Two positive integers are in ratio 1:3. If their sum is added to their product, the result is 224. Find the integers.

On my own, I came up with the formula 224 = x + 3 x + 3x^2 but it's not really working out. Could someone please help me?

Your formula is correct.

Assuming you add up the 3x and x to form 4x, you have to use the general solution of a quadratic equation. Do you know how to use it? =)
By the way, x should be 8 if you use it right.

no, I don't think I do.
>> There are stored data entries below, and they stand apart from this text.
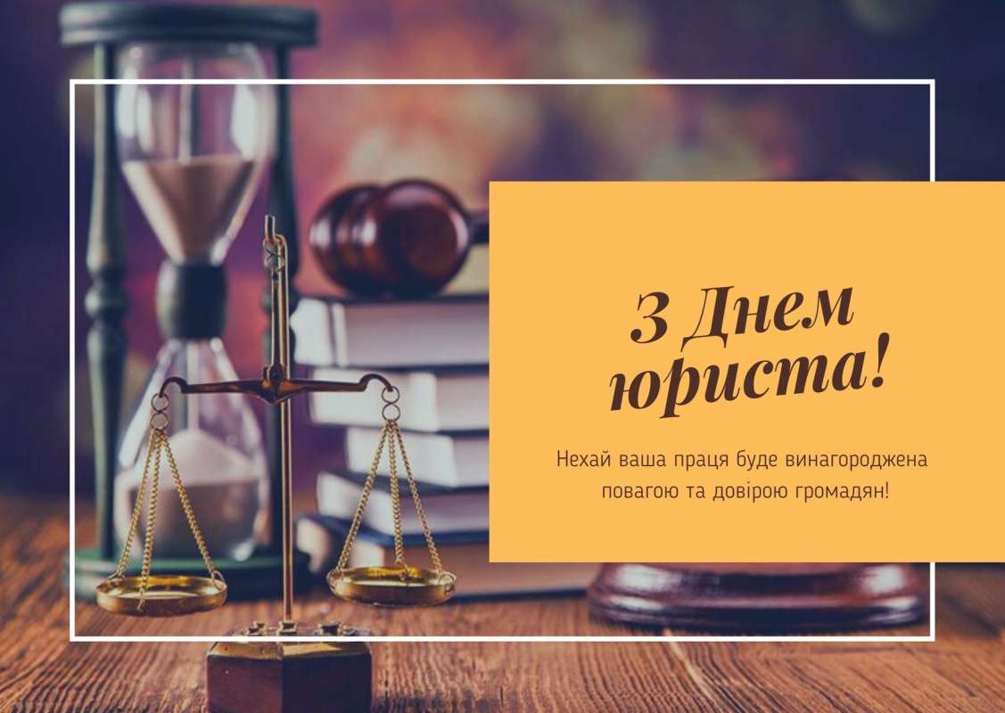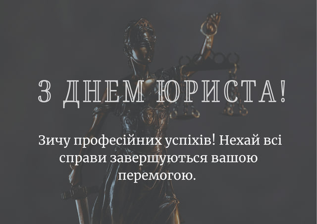 З Днем юриста України. Нехай буде легким і безперешкодним шлях юридичними кар'єрними сходами, нехай справедлива Феміда завжди підказує, як вирішити питання. Удачі й успіхів в юриспруденції, процвітання і щастя в круговерті цікавих подій життя.
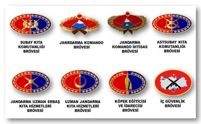 Jandarma Genel Komutanlığı’nda bulunan başlıca bröveler şunlardır;
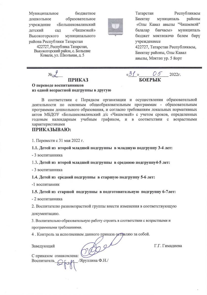 Комплектование 2022-2023 у.г.(копия приказа о переводе воспитанников из одной возрастной подгруппы в другую 2022)
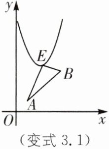 变式3.1 实验班原创 如图,点$A,B是直线y= x$在第一象限中的两点,横坐标分别为$a,a+3$,若点$E是抛物线y= x^{2}-4x+8$上的一点,连结$EA,EB$,求$\triangle ABE$面积的最小值.
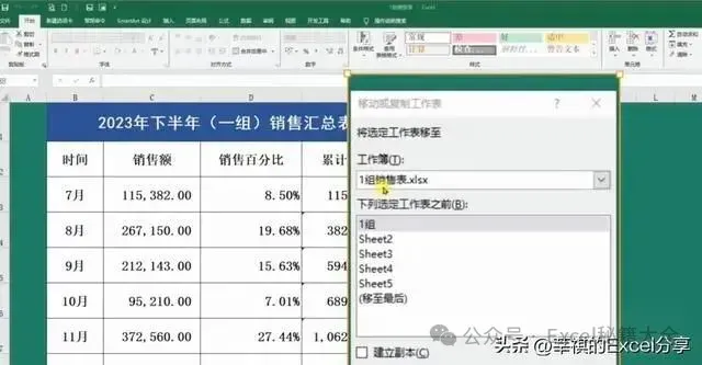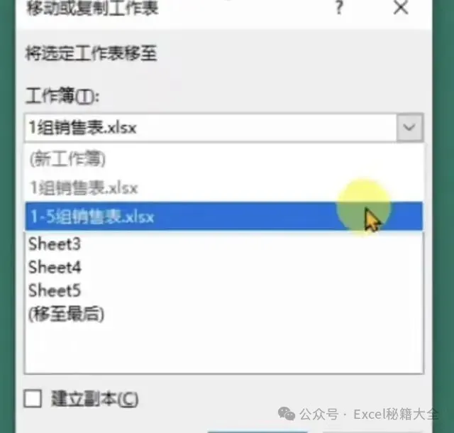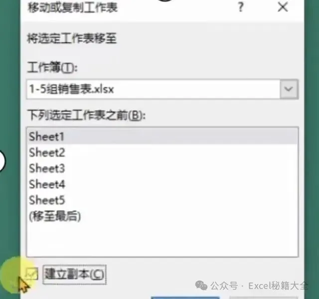 咱们选择1组至5组销售表,然后,咱们看下面的选项(参看图5),咱们点击”sheet1”,意思就是将工作表移动到1组至5组销售表中的”sheet1”,工作表的前面。

I tried completing the square and I'm just getting really weird numbers. :(

Okay, we'll do it by completing the square. :)

From 3x^2 + 4x = 224,
x^2 + 4/3 x = 224/3
x^2 + 4/3x + 4/9 = 224/3 + 4/9
(x+2/3)^2 = 75/1/9
x + 2/3 = square root of 75/1/9
x + 2/3 = 8/2/3 or -8/2/3
x = 8 or -9/1/3( Not applicable as positive integer cannot be a negative fraction)
Hence, x = 8.
There you go! :)

thanks! :D

You're welcome ^^ :)

To solve this problem, let's first set up the equation based on the given information.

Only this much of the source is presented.